• **WORK TASK**: Starting at the line that contains "The probability cumulative grain size curves and", return every line through the end of the data exactly, without pictures.

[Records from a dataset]
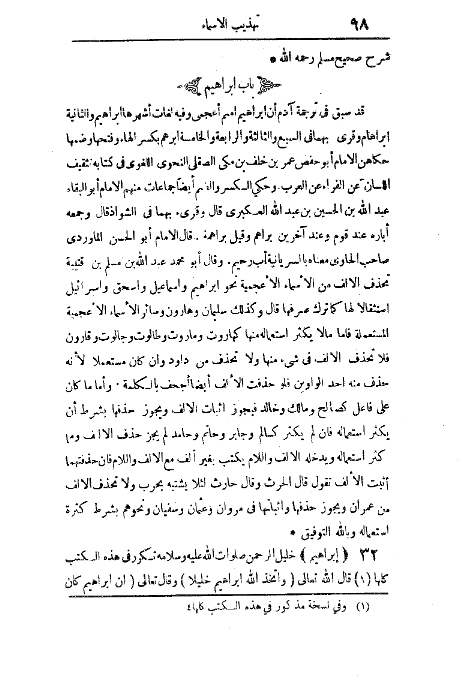 وقال أبو محمد عبد الله بن مسلم بن قتيبة: تحذف الألف من الأسماء الأعجمية نحو إبراهيم، وإسماعيل، وإسحاق، وإسرائيل، استثقالاً لها، كما ترك صرفها. قال: وكذلك سليمان، وهارون، وسائر الأسماء الأعجمية المستعملة، فأما ما لا يكثر استعماله منها كهاروت، وماروت، وطالوت، وجالوت، وقارون، فلا تحذف الألف فى شىء منها، ولا تحذف من داود، وإن كان مستعملاً؛ لأنه حذف منه أحد الواوين، فلو حذفت الألف أيضًا أجحف بالكلمة، وأما ما كان على فاعل كصالح، ومالك، وخالد، فيجوز إثبات الألف، ويجوز حذفها بشرط أن يكثر استعماله، فإن لم يكثر كسالم، وجابر، وحاتم، وحامد، لم يجز حذف الألف، ومما كثر استعماله ويدخله الألف واللام يكتب بغير ألف مع الألف واللام، فإن حذفتهما أثبت الألف، تقول: قال الحارث، وقال: حارث؛ لئلا يشتبه بحرب، ولا تحذف الألف من عمران، ويجوز حذفها وإثباتها فى مروان، وعثمان، وسفيان، ونحوهم بشرط كثرة استعماله، وبالله التوفيق.
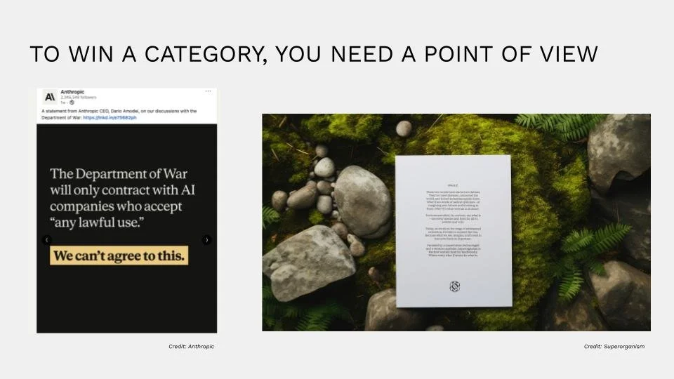 Point of view determines whether your content builds authority or fills a feed. Anthropic is a useful example. OpenAI had early distribution. Anthropic earned category credibility by stating a clear position publicly and consistently. The result was a measurable shift in adoption. Founders do not need to take every position publicly. They do need to document their thesis clearly enough that AI can reflect it.
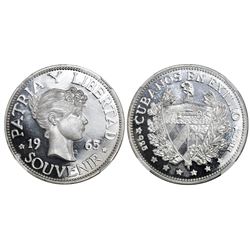 Cuba, proof 1 peso, 1965, plain edge, NGC PF 63 Cameo, ex-EMO Collection (stated on label). KM-XM5. One year type, struck by Cuban exiles in the US.
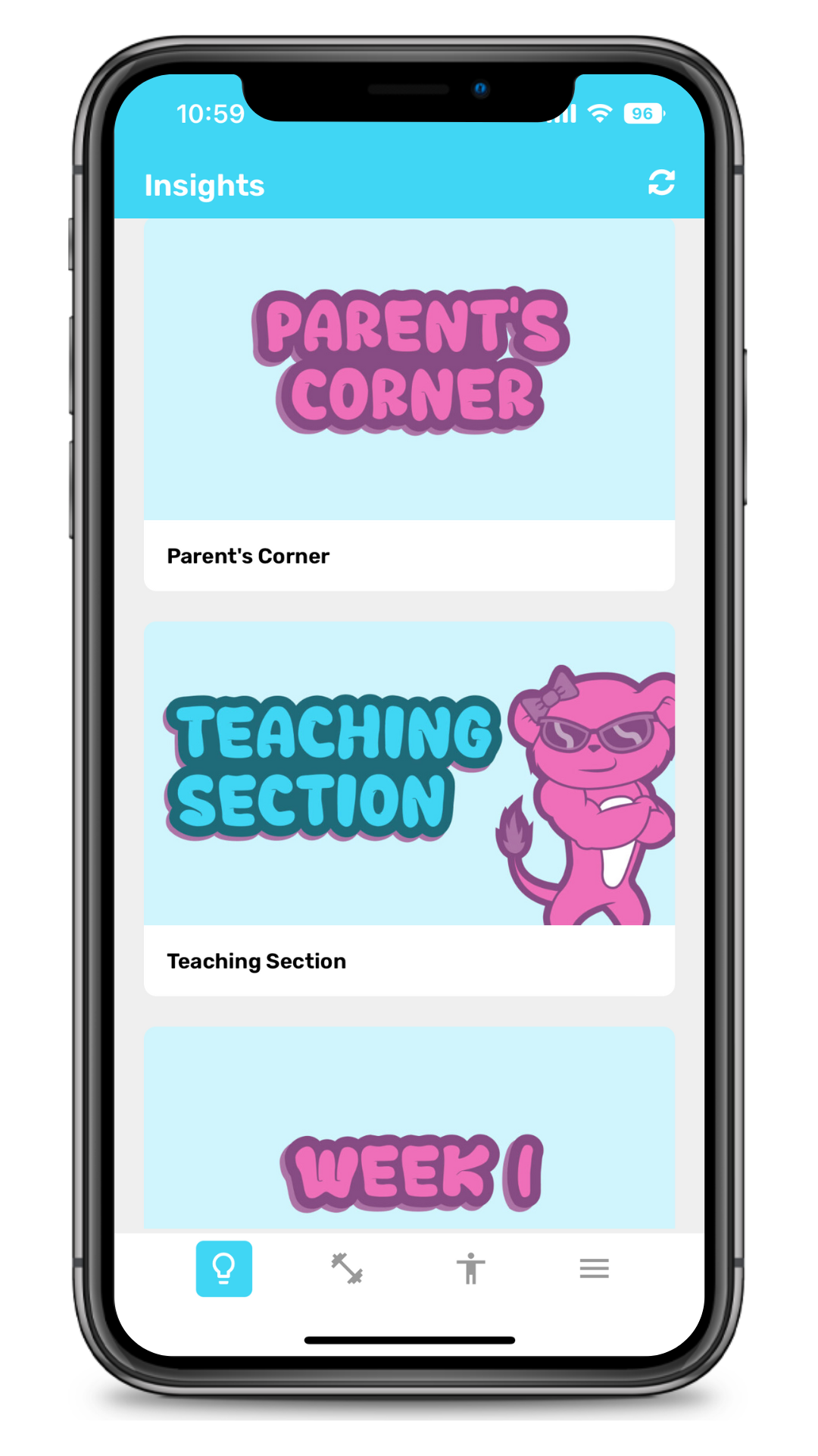 The insights section of the Savage Patch Kids app includes categories like "Parent's Corner," a teaching section, and weekly movement lessons. Tap on a category to watch more information about who we are, how to utilize the app, and how to best teach your children fundamentals of fitness.
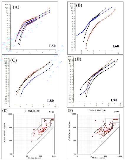 The probability cumulative grain size curves and C−M diagram. (A) The probability cumulative grain size curves of the PL19−3−A well. (B) The probability cumulative grain size curves of the PL19−3−B well. (C) The probability cumulative grain size curves of the PL25−C well. (D) The probability cumulative grain size curves of the PL25−C well. (E) C−M diagram of the upper Guantao Formation (L50−L70, N = 69). (F) C−M diagram of the lower Guantao Formation (L80−L120, N = 86).
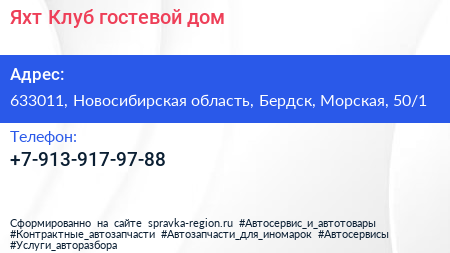 Яхт-Клуб, гостевой дом по адресу 633011, Новосибирская область, Бердск, Морская, 50/1 в дальнейшем Организация, размещена в следующих категориях:

• **RESULT OF THE EXERCISE**:
 The probability cumulative grain size curves and C−M diagram. (A) The probability cumulative grain size curves of the PL19−3−A well. (B) The probability cumulative grain size curves of the PL19−3−B well. (C) The probability cumulative grain size curves of the PL25−C well. (D) The probability cumulative grain size curves of the PL25−C well. (E) C−M diagram of the upper Guantao Formation (L50−L70, N = 69). (F) C−M diagram of the lower Guantao Formation (L80−L120, N = 86).
 Яхт-Клуб, гостевой дом по адресу 633011, Новосибирская область, Бердск, Морская, 50/1 в дальнейшем Организация, размещена в следующих категориях:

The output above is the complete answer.